**What is being asked**
If you see a picture in the data below, omit it and copy the rest exactly.

**Raw data**
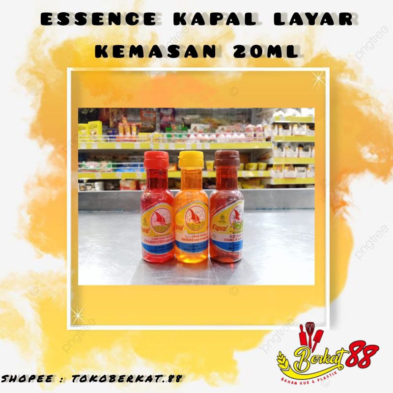 Essence Kapal Layar adalah bahan tambahan yang memberikan aroma manis dan segar pada berbagai makanan dan minuman. Essence ini sering digunakan sebagai bahan perasa dalam sirup, minuman, kue, dan makanan lainnya. Essence ini tersedia dalam berbagai varian rasa seperti frambozen, vanila, dan nanas.
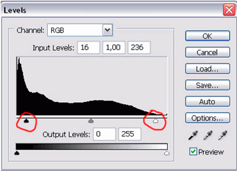 3. Levels. En vigtig del af det meget kontrastholdige fotografi. Du laver et nyt justeringslag i lagvinduet, hvor der er en knap til dette formål. I denne lille menu der kommer frem, vælger du ’Levels’ – og sætter pilene i hver side en smule ind i hver side, så billedets skyggeområder bliver mørkere, og højlysene lysnes.
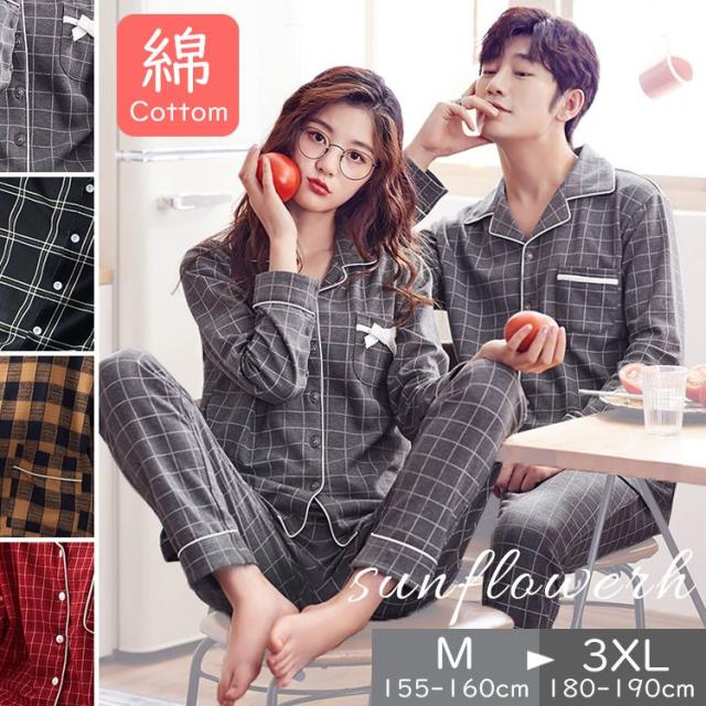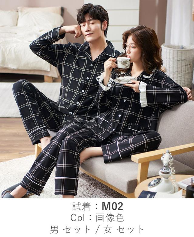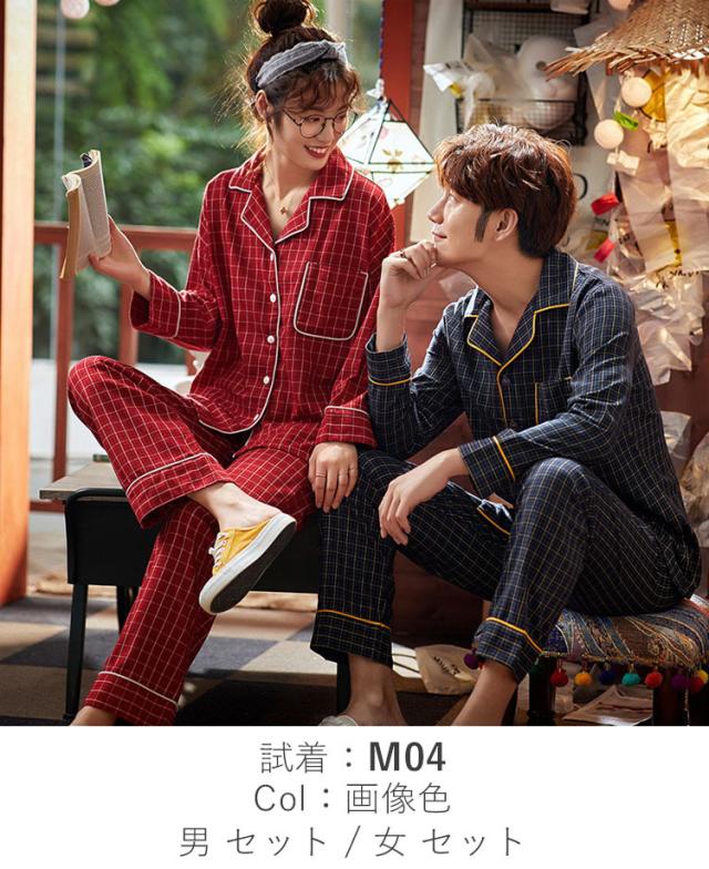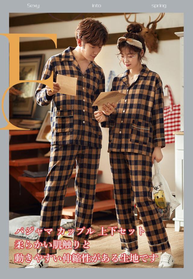 カップル パジャマ ペアルック ペア ルームウェア 秋 レディース メンズ 前開き 長袖 ペアお揃い 上下セット ゆったり 部屋着 夫婦 彼女 彼氏 大きいサイズ

**Task result**
 Essence Kapal Layar adalah bahan tambahan yang memberikan aroma manis dan segar pada berbagai makanan dan minuman. Essence ini sering digunakan sebagai bahan perasa dalam sirup, minuman, kue, dan makanan lainnya. Essence ini tersedia dalam berbagai varian rasa seperti frambozen, vanila, dan nanas.
 3. Levels. En vigtig del af det meget kontrastholdige fotografi. Du laver et nyt justeringslag i lagvinduet, hvor der er en knap til dette formål. I denne lille menu der kommer frem, vælger du ’Levels’ – og sætter pilene i hver side en smule ind i hver side, så billedets skyggeområder bliver mørkere, og højlysene lysnes.
 カップル パジャマ ペアルック ペア ルームウェア 秋 レディース メンズ 前開き 長袖 ペアお揃い 上下セット ゆったり 部屋着 夫婦 彼女 彼氏 大きいサイズ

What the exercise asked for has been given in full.